At the “agro-ecological fair” every other week in the town of Castrovirreyna, farmers sell their surplus production of vegetables, grains, potatoes, and guinea pigs. With their earnings, they purchase what they don’t produce at home, such as oil, rice, beans, and fruit.

Parasites from polluted water seriously affect the health and development of children, so a large focus of the program is on sanitation and hygiene. With training, materials and encouragement, families have been able to build cupboards, shelving, so-called “toilet corners,” washing stations, and enclosures to keep the guinea pigs and chickens separate from living quarters. All family members are aware of the need for preventive practices in handling food: washing hands after toileting and before cooking, washing fruits and vegetables, cleaning utensils and storing them on shelving, and, above all, drinking boiled water.

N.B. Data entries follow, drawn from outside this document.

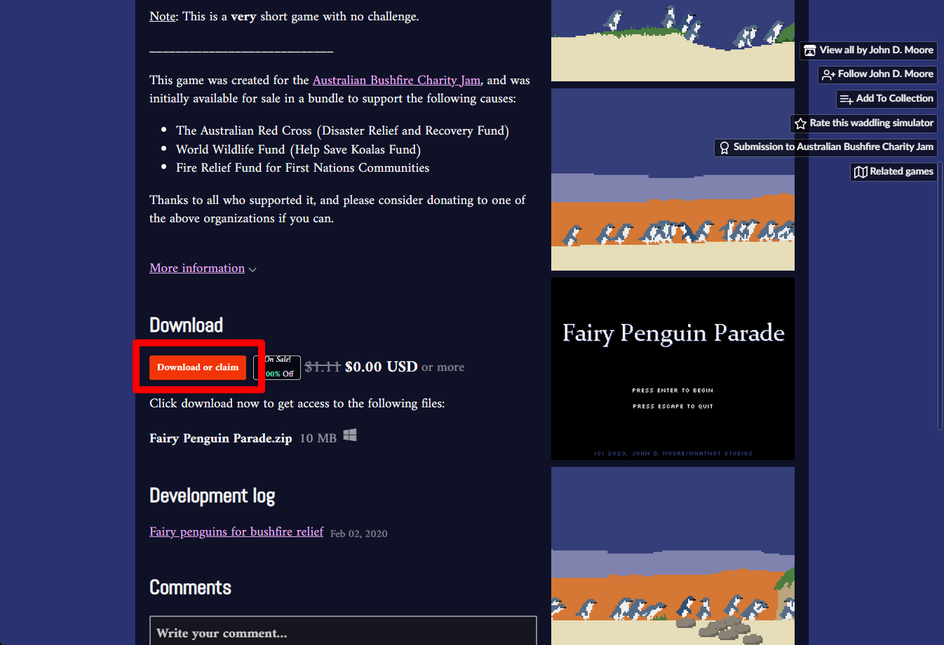 "Fairy Penguin Parade" 페이지에 있는 [Download or claim]을 클릭합니다.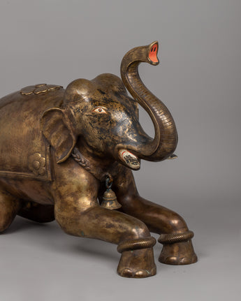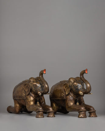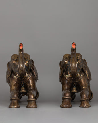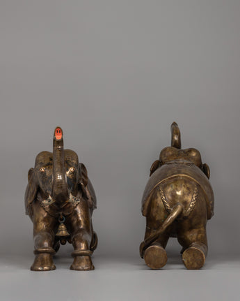 The meticulous workmanship reflects elephants' genuine features, from their rough skin to their expressive eyes and trunks lifted in a gesture of optimism and good fortune. The addition of little decorative bells gives them a more traditional appearance. These sculptures are more than simply decorative pieces; they are timeless works of art that symbolize cultural history and a love for nature.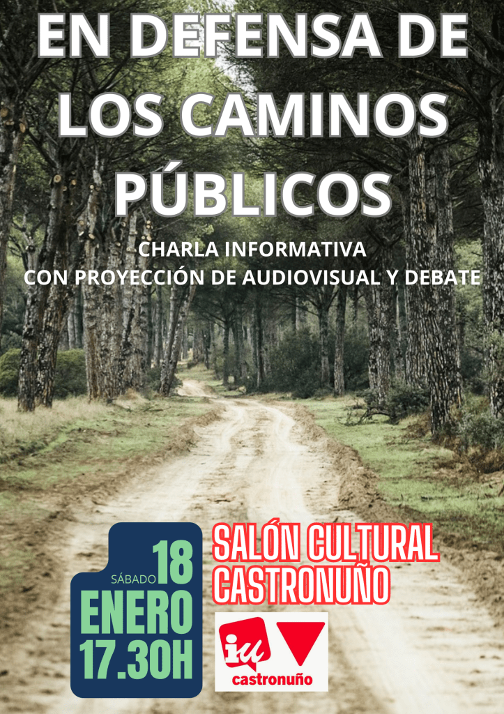 En el acto, que estará abierto a la participación del público asistente, se proyectará un audiovisual en defensa de los caminos públicos y miembros de IU Castronuño expondrán la situación en la que se encuentran algunos de los viales públicos del municipio. Será el sábado 18 de enero a las 17:30 horas en el Salón Cultural (bajos del edificio)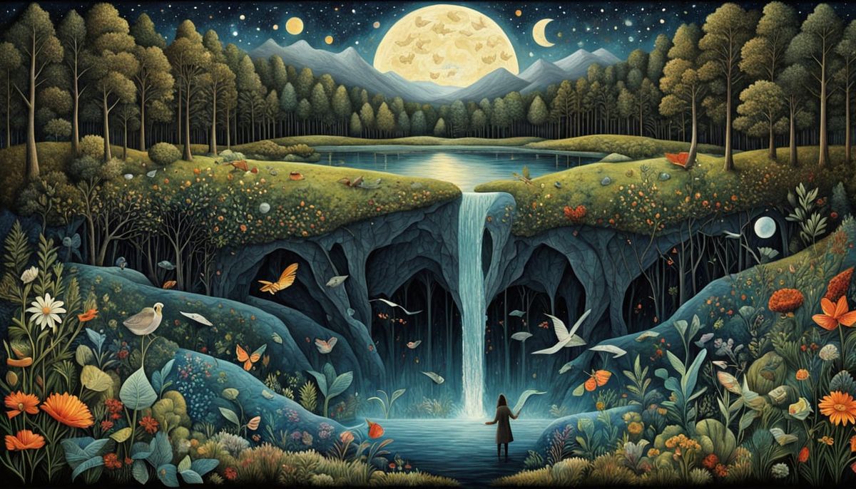 This vibrant digital artwork is a mesmerizing collage of glowing elements, blending nature, spirit, and cosmic realms. Featuring a central figure of strength and resilience, the piece urges viewers to follow their dreams and seek authenticity in a world of noise.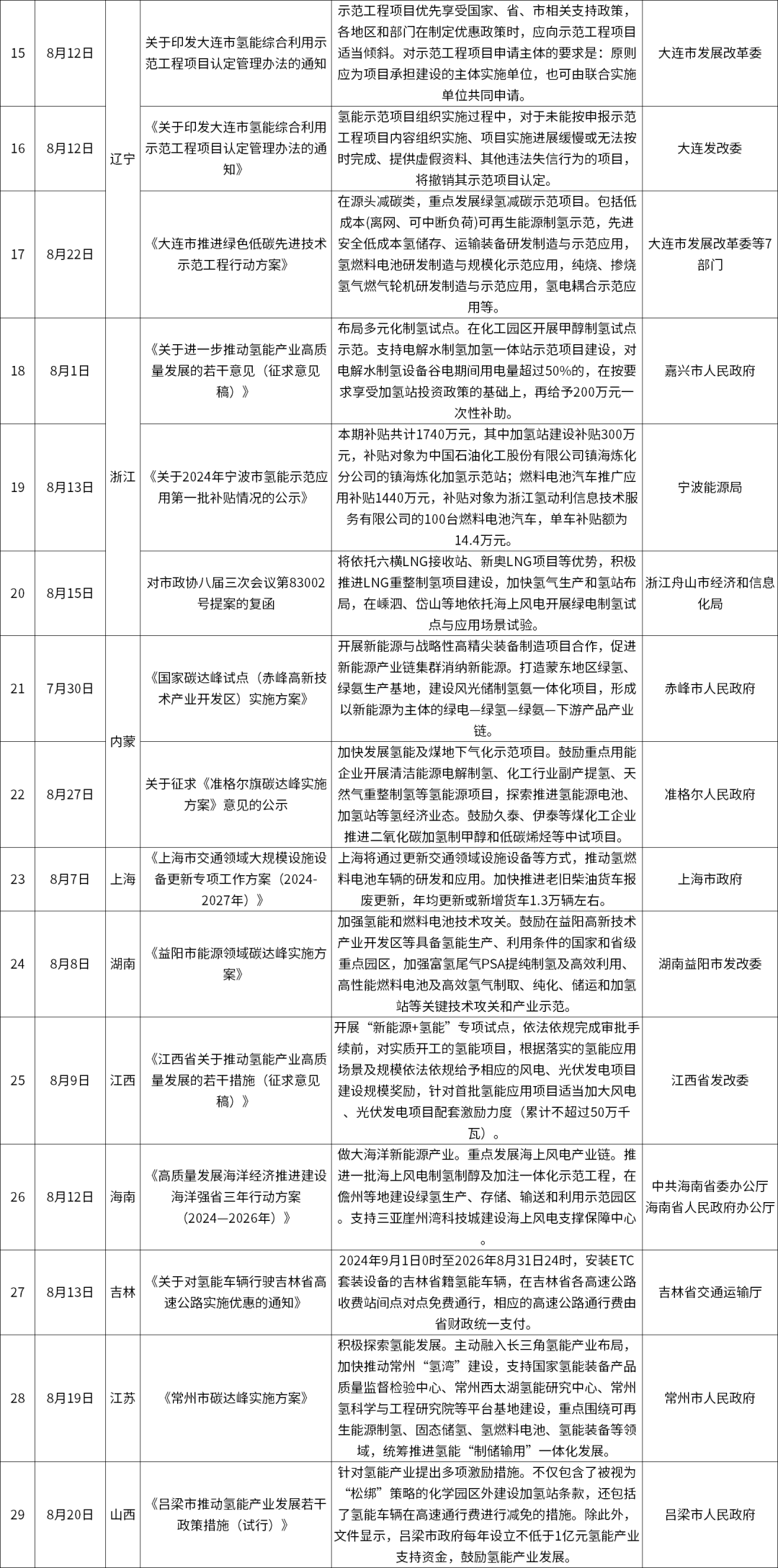 據氫能匯統計,2024年8月,我國發布了40條與氫能相關的政策,包括國家層面的11條,地方層面的29條。國家:氫能應用場景持續擴大氫能匯(微信公眾號:h2-2005)發現,今年8月,國家層面發布的政策中有11項涉及到氫能,這一數量是近些時間來的一個小“高峰”。

Anemia in children is closer than ever to being eradicated (reduced from 86% to 6% of kids) by including iron-rich “sangrecita” (dried alpaca blood) in prepared foods like pancakes. Women have been trained in how to make it, but also receive jars of sangrecita during periods of the year when the air is too moist for drying it at home.

Peru Castrovirreyna Program
Led by Lutheran World Relief and Local Partner Center for Integrated Development of Communities’ (CEDINCO)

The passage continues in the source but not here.